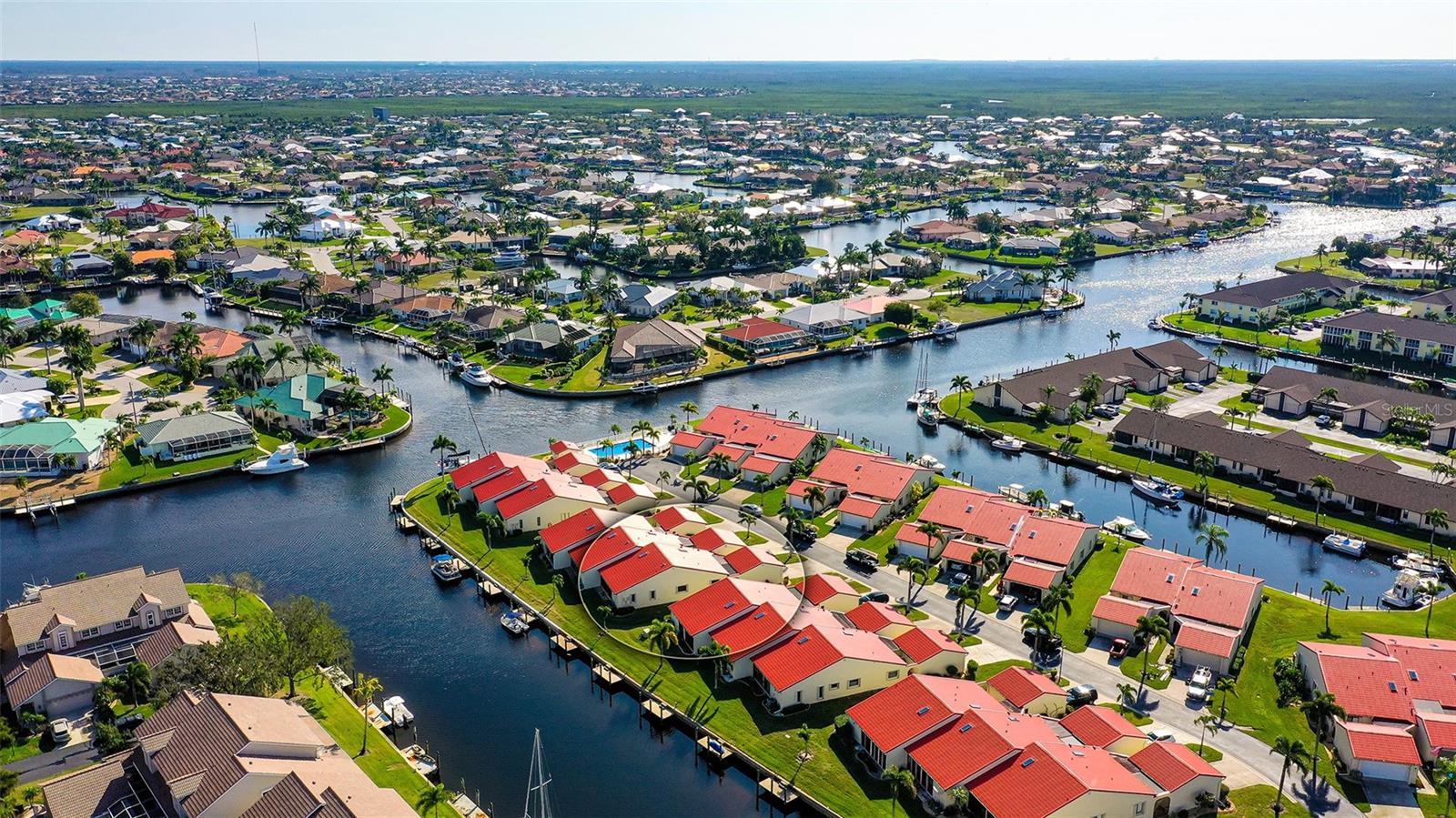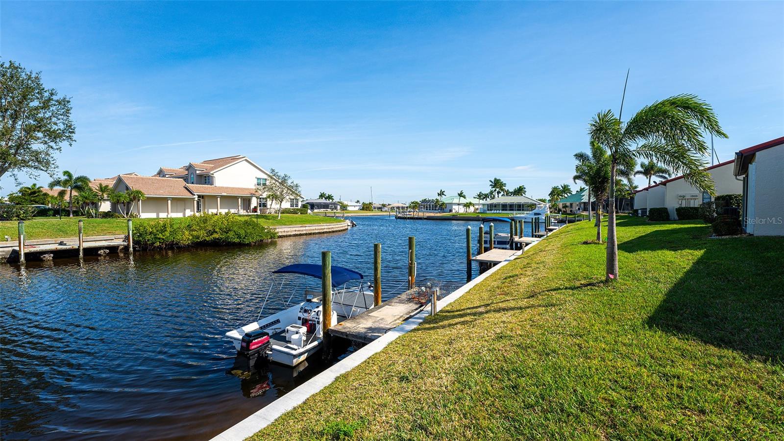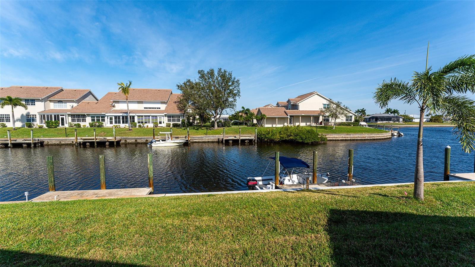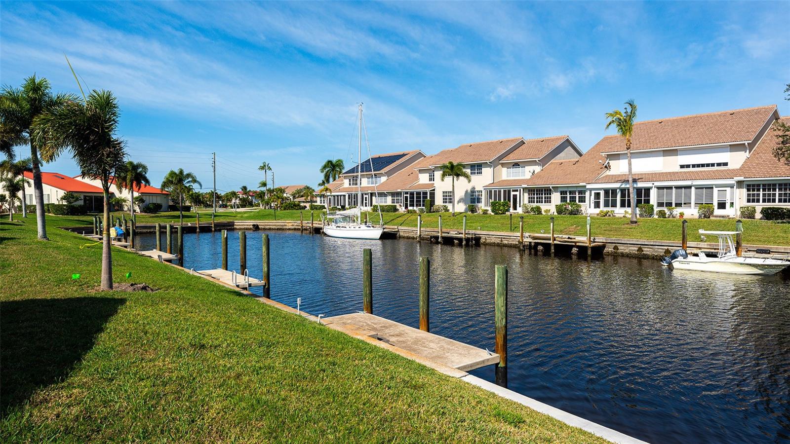 Waterfront, dock & views! Easy access to harbor from this 3 bedroom, 2 bath spacious end unit villa with a new roof and a 2 car garage! Attractive updated kitchen with new appliances! This light & bright home is located in a beautiful smaller community in the heart of Punta Gorda Isles! Enjoy the sun & meet up with your neighbors at gorgeous swimming waterfront community pool! Feel safe with the hurricane shutters throughout. There is lots of storage in this unit. The bricked garden terrace awaits your green thumb! Enjoy common wildlife sightings & evening breezes from your lanai with all new sliding windows or from your dock on the water. Park your vessel, throw in your fishing line or just enjoy the nature from your own dock. It's a couple of miles to Fishermans Village & a couple more miles to the darling town of Punta Gorda with many restaurants & intriguing boutiques & shops. Villas at Bal Harbor is an active community with miles of walkable sidewalks in Punta Gorda. St Andrews Golf Club is across the street. Punta Gorda Airport is only 6 and half miles from your door. Presenting a lifestyle, location & price that is hard to beat!
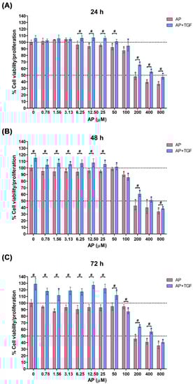 Alpinetin (AP) inhibits proliferative responses of human primary dermal fibroblasts (HPDFs) to TGF-β1. Cell viability assay of HPDFs treated with AP (0–800 µM) with or without the presence of 10 ng/mL TGF-β1 at 24 h (A), 48 h (B), and 72 h (C). Data are averages from three independent experiments and represented as mean ± SD of three independent experiments; # p < 0.05 or * p < 0.05 (red asterisk (compared to the untreated group), and blue asterisk (compared to TGF-β1-treated group)).
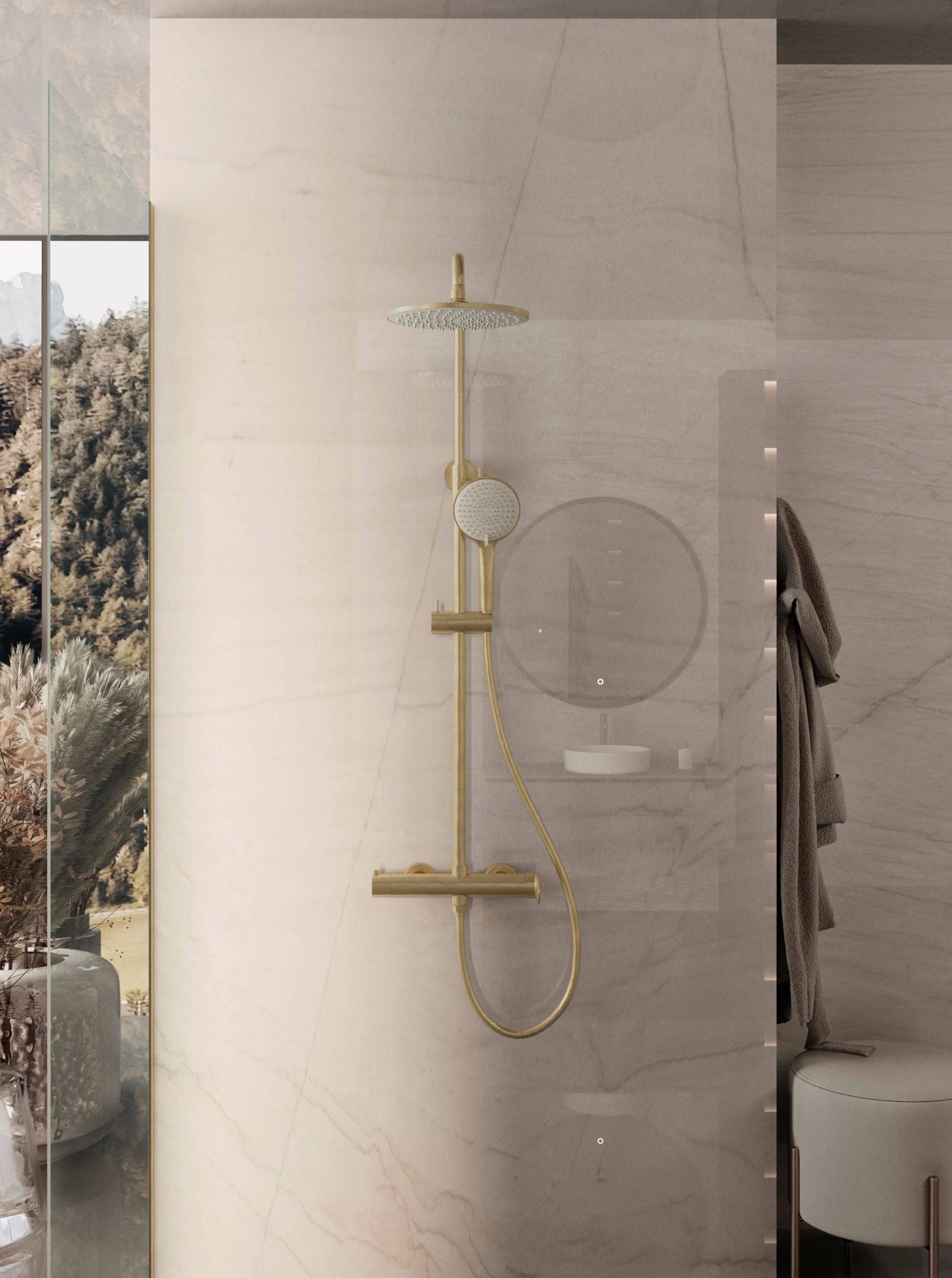 Душевая стойка Vincea Rondo VSFS-1R0BG без излива, брашированное золото
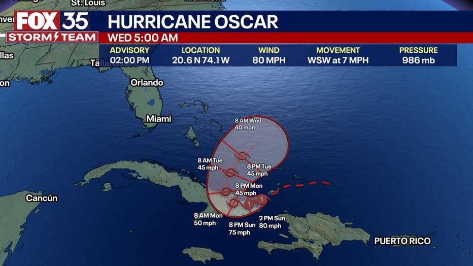 TROPICS: The remnants of Nadine are making their way across Central America and will most likely stop receiving updated later on this evening. Oscar is still a Category One hurricane. It made landfall just before 5 a.m. in Grand Inagua Island and is currently impacting the east coast of Cuba. Oscar will then start to get to make a hard right hook towards the NE and central Atlantic. This is because of the high pressure over our region and a dip in the jet stream steering Oscar away from Florida. Oscar is expected to hold Cat 1 status before fizzling back to a tropical storm. That will help push Oscar out to sea through the first half of the week. Oscar is expected to hold Cat 1 status before fizzling back to a tropical storm.
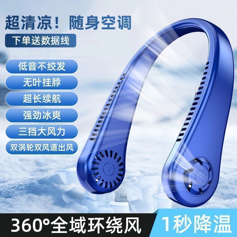 usb制冷挂脖小风扇脖挂式电风扇懒人随身携带挂脖子风扇无叶风扇
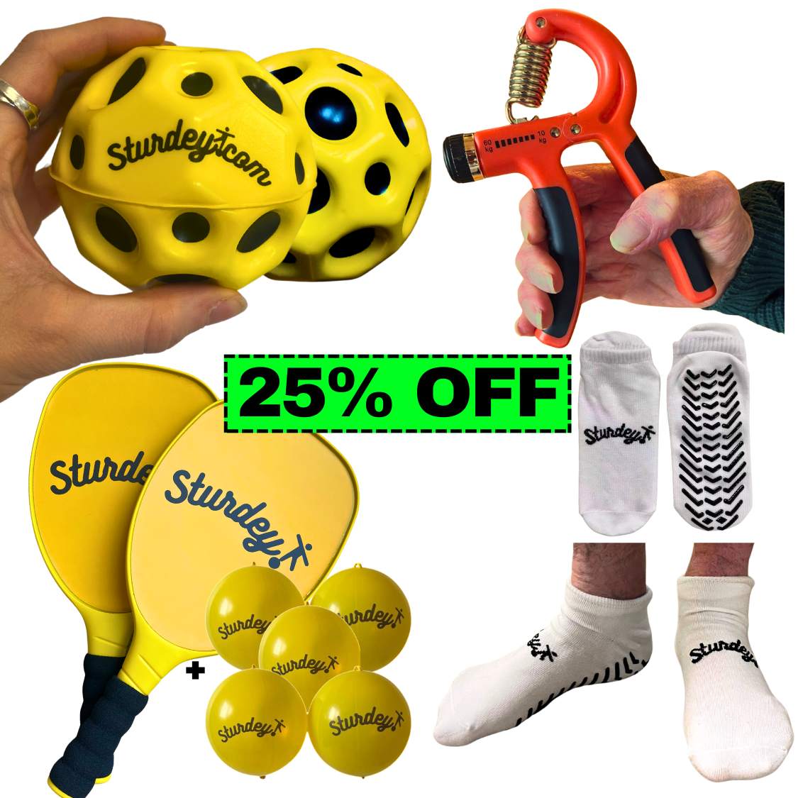 The Best Deal Bundle is designed to target all the key areas involved in fall prevention. The Sockeys keep your feet steady with their non-slip grip, reducing slips and giving you more confidence when moving around your home. The Volley balloons and Strikeyball set train your balance, coordination, and brain agility in fun, engaging ways that keep your reflexes sharp. The Grippey hand gripper builds grip strength, which is crucial for safely holding onto railings, walkers, or support surfaces.
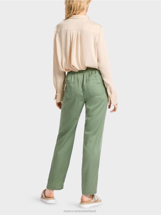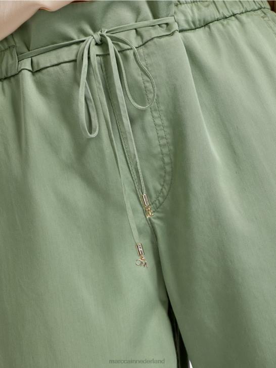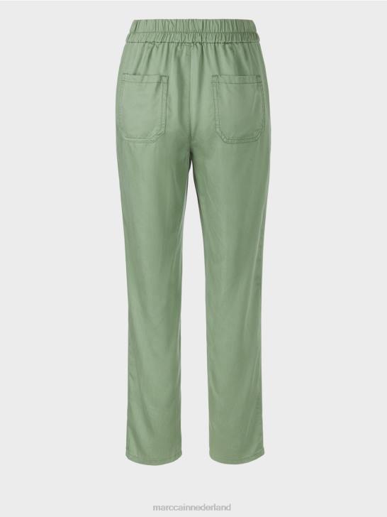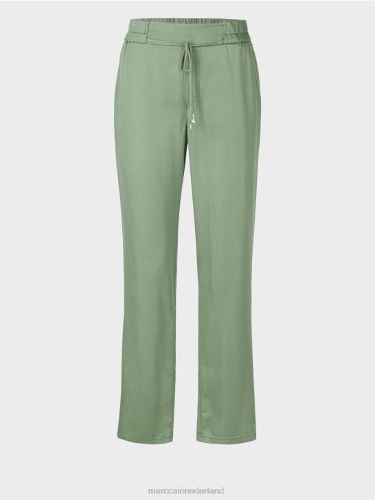 deze rivera broek valt wijd in de heup en het been loopt taps toe naar de enkels. de tailleband is aan de voorkant glad en aan de zijkanten en achterkant in joggerstijl. een eyecatcher is het trekkoord met decoratieve elementen aan de uiteinden. de broek heeft opgestikte zakken aan de achterkant. dit kledingstuk is gemaakt van de hernieuwbare grondstof lyocell en draagt het duurzaamheidslabel ‘rethink Together’.
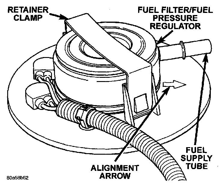 4. Remove retainer clamp from top of filter/regulator. Clamp snaps to tabs on pump module. Discard old clamp.
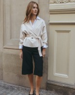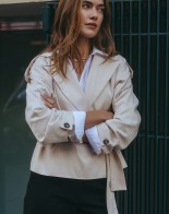 The trench coat is made from a high-quality blend of tencel and cotton. It features a loose fit, with a belt at the waist that allows you to adjust it to your figure, highlighting your shape. Unique buttons add subtle yet striking details. This trench coat will become a standout piece in your wardrobe, pairing perfectly with your favorite jeans, or tailored trousers. It is a timeless choice that will bring sophistication to any outfit.
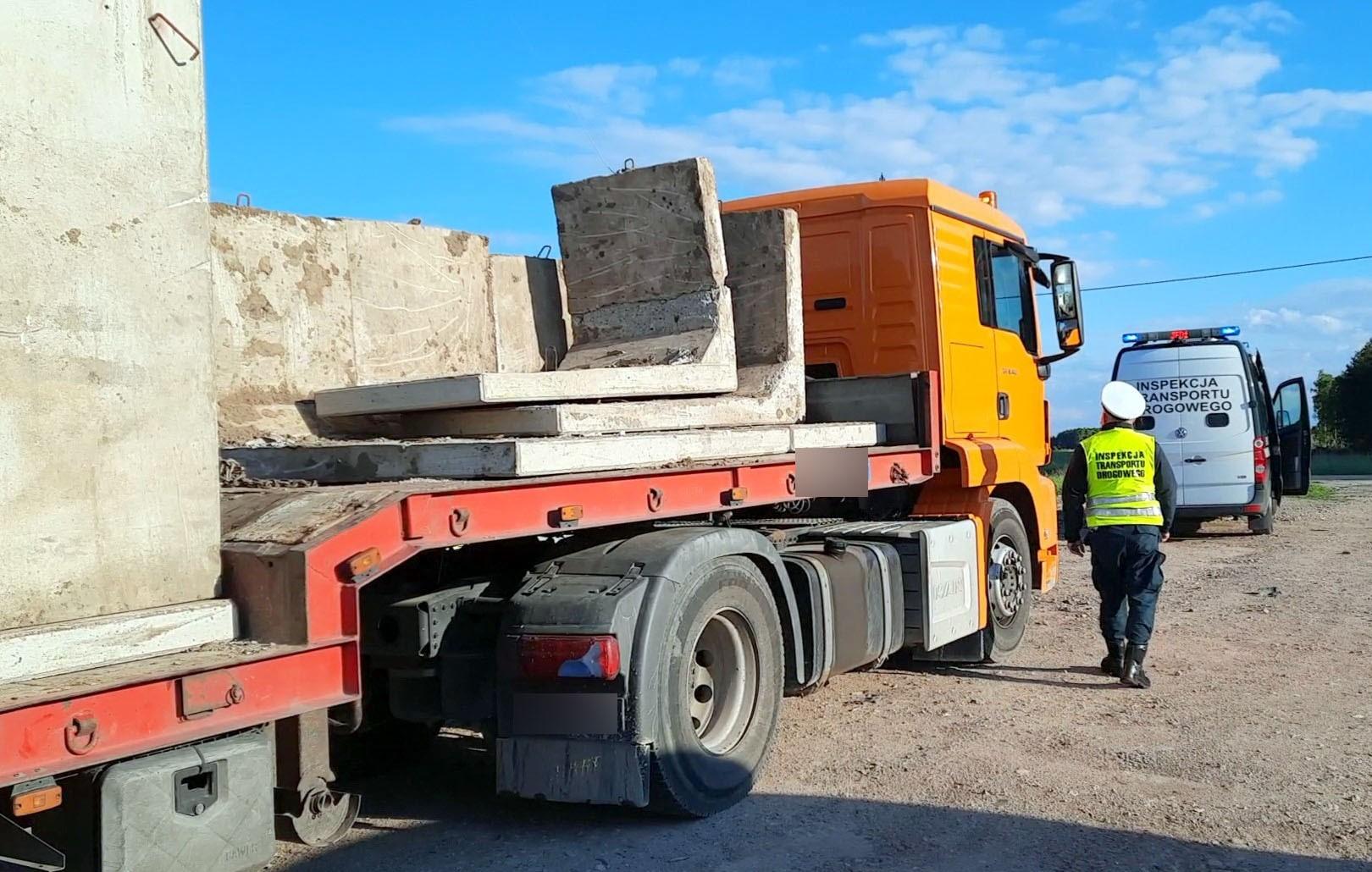 Bez żadnego zabezpieczania uniemożliwiającego przemieszczenie się ładunku przewoził elementy betonowe kierowca ciężarówki zatrzymanej do kontroli przez patrol wielkopolskiej Inspekcji Transportu Drogowego. Funkcjonariusze wstrzymali niebezpieczny przewóz i ukarali kierowcę mandatem.

▶ [Required work]
Your copy should hold every entry exactly as written, but none of the pictures.

▶ [Your response]
 Waterfront, dock & views! Easy access to harbor from this 3 bedroom, 2 bath spacious end unit villa with a new roof and a 2 car garage! Attractive updated kitchen with new appliances! This light & bright home is located in a beautiful smaller community in the heart of Punta Gorda Isles! Enjoy the sun & meet up with your neighbors at gorgeous swimming waterfront community pool! Feel safe with the hurricane shutters throughout. There is lots of storage in this unit. The bricked garden terrace awaits your green thumb! Enjoy common wildlife sightings & evening breezes from your lanai with all new sliding windows or from your dock on the water. Park your vessel, throw in your fishing line or just enjoy the nature from your own dock. It's a couple of miles to Fishermans Village & a couple more miles to the darling town of Punta Gorda with many restaurants & intriguing boutiques & shops. Villas at Bal Harbor is an active community with miles of walkable sidewalks in Punta Gorda. St Andrews Golf Club is across the street. Punta Gorda Airport is only 6 and half miles from your door. Presenting a lifestyle, location & price that is hard to beat!
 Alpinetin (AP) inhibits proliferative responses of human primary dermal fibroblasts (HPDFs) to TGF-β1. Cell viability assay of HPDFs treated with AP (0–800 µM) with or without the presence of 10 ng/mL TGF-β1 at 24 h (A), 48 h (B), and 72 h (C). Data are averages from three independent experiments and represented as mean ± SD of three independent experiments; # p < 0.05 or * p < 0.05 (red asterisk (compared to the untreated group), and blue asterisk (compared to TGF-β1-treated group)).
 Душевая стойка Vincea Rondo VSFS-1R0BG без излива, брашированное золото
 TROPICS: The remnants of Nadine are making their way across Central America and will most likely stop receiving updated later on this evening. Oscar is still a Category One hurricane. It made landfall just before 5 a.m. in Grand Inagua Island and is currently impacting the east coast of Cuba. Oscar will then start to get to make a hard right hook towards the NE and central Atlantic. This is because of the high pressure over our region and a dip in the jet stream steering Oscar away from Florida. Oscar is expected to hold Cat 1 status before fizzling back to a tropical storm. That will help push Oscar out to sea through the first half of the week. Oscar is expected to hold Cat 1 status before fizzling back to a tropical storm.
 usb制冷挂脖小风扇脖挂式电风扇懒人随身携带挂脖子风扇无叶风扇
 The Best Deal Bundle is designed to target all the key areas involved in fall prevention. The Sockeys keep your feet steady with their non-slip grip, reducing slips and giving you more confidence when moving around your home. The Volley balloons and Strikeyball set train your balance, coordination, and brain agility in fun, engaging ways that keep your reflexes sharp. The Grippey hand gripper builds grip strength, which is crucial for safely holding onto railings, walkers, or support surfaces.
 deze rivera broek valt wijd in de heup en het been loopt taps toe naar de enkels. de tailleband is aan de voorkant glad en aan de zijkanten en achterkant in joggerstijl. een eyecatcher is het trekkoord met decoratieve elementen aan de uiteinden. de broek heeft opgestikte zakken aan de achterkant. dit kledingstuk is gemaakt van de hernieuwbare grondstof lyocell en draagt het duurzaamheidslabel ‘rethink Together’.
 4. Remove retainer clamp from top of filter/regulator. Clamp snaps to tabs on pump module. Discard old clamp.
 The trench coat is made from a high-quality blend of tencel and cotton. It features a loose fit, with a belt at the waist that allows you to adjust it to your figure, highlighting your shape. Unique buttons add subtle yet striking details. This trench coat will become a standout piece in your wardrobe, pairing perfectly with your favorite jeans, or tailored trousers. It is a timeless choice that will bring sophistication to any outfit.
 Bez żadnego zabezpieczania uniemożliwiającego przemieszczenie się ładunku przewoził elementy betonowe kierowca ciężarówki zatrzymanej do kontroli przez patrol wielkopolskiej Inspekcji Transportu Drogowego. Funkcjonariusze wstrzymali niebezpieczny przewóz i ukarali kierowcę mandatem.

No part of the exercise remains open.